* _Dataset extract_
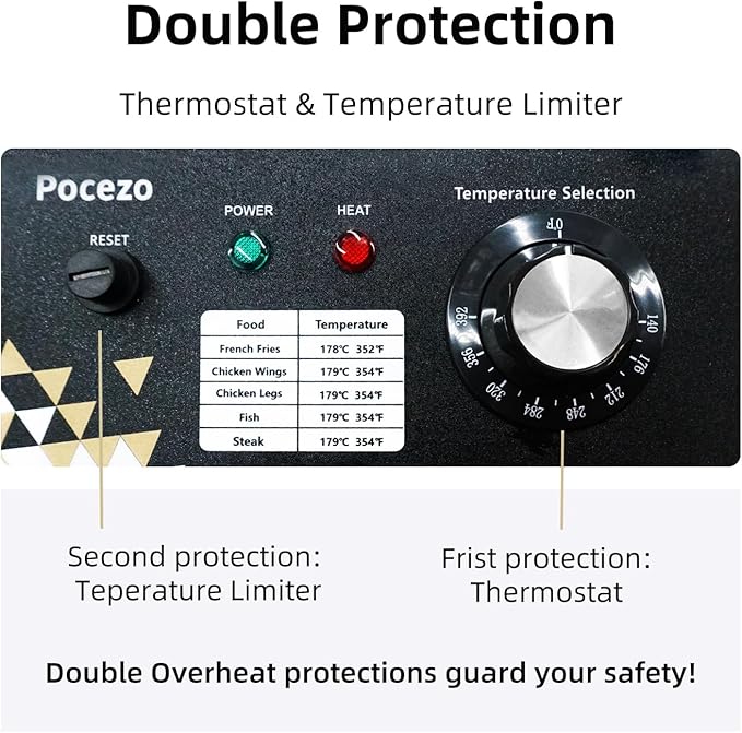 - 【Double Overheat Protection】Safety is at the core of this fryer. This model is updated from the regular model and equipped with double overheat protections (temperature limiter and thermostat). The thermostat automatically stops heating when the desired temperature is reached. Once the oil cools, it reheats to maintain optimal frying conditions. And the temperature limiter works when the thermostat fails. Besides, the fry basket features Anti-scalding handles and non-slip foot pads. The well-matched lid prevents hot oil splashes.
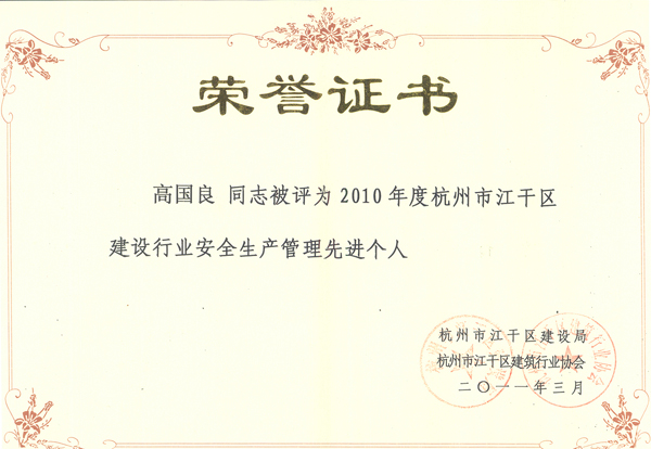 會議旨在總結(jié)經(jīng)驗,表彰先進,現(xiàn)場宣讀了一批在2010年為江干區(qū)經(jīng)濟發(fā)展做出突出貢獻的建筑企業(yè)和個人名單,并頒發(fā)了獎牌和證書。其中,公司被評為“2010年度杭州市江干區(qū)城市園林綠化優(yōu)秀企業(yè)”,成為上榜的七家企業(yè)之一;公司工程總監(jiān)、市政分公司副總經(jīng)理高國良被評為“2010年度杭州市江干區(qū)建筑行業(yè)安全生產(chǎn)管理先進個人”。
--
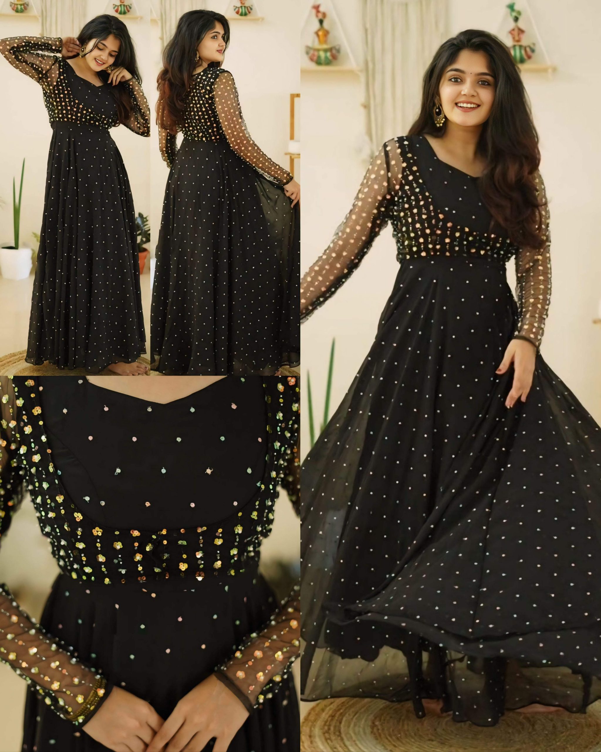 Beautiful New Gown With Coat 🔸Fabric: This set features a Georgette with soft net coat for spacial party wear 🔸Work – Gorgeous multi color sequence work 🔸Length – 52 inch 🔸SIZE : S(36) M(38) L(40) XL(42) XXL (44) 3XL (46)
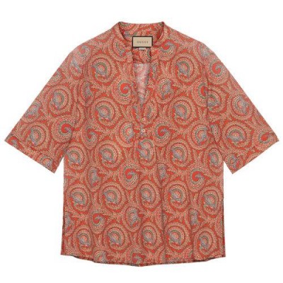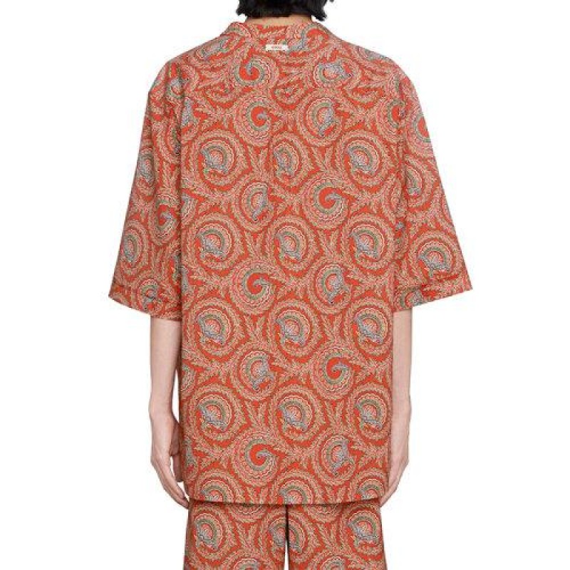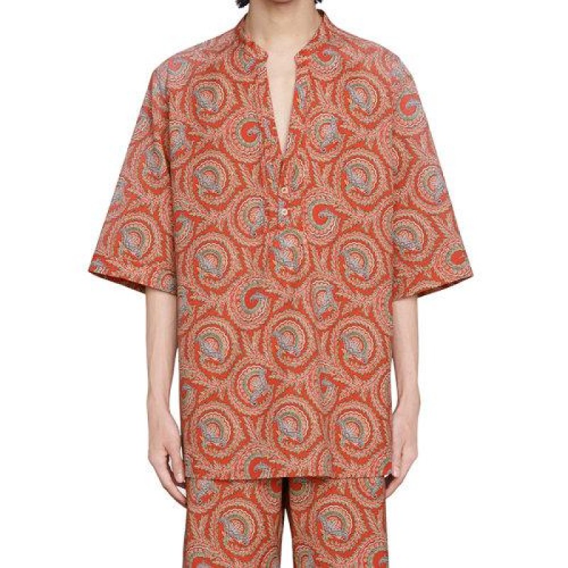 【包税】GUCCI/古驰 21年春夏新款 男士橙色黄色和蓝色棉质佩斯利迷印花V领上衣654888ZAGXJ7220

* _What is required_
When you reach the line with "- 【Double Overheat" in the records above, begin repeating the lines exactly, and stop after the line with "會議旨在總結(jié)經(j". Skip all pictures.

* _Result for this task_
 - 【Double Overheat Protection】Safety is at the core of this fryer. This model is updated from the regular model and equipped with double overheat protections (temperature limiter and thermostat). The thermostat automatically stops heating when the desired temperature is reached. Once the oil cools, it reheats to maintain optimal frying conditions. And the temperature limiter works when the thermostat fails. Besides, the fry basket features Anti-scalding handles and non-slip foot pads. The well-matched lid prevents hot oil splashes.
 會議旨在總結(jié)經(jīng)驗,表彰先進,現(xiàn)場宣讀了一批在2010年為江干區(qū)經(jīng)濟發(fā)展做出突出貢獻的建筑企業(yè)和個人名單,并頒發(fā)了獎牌和證書。其中,公司被評為“2010年度杭州市江干區(qū)城市園林綠化優(yōu)秀企業(yè)”,成為上榜的七家企業(yè)之一;公司工程總監(jiān)、市政分公司副總經(jīng)理高國良被評為“2010年度杭州市江干區(qū)建筑行業(yè)安全生產(chǎn)管理先進個人”。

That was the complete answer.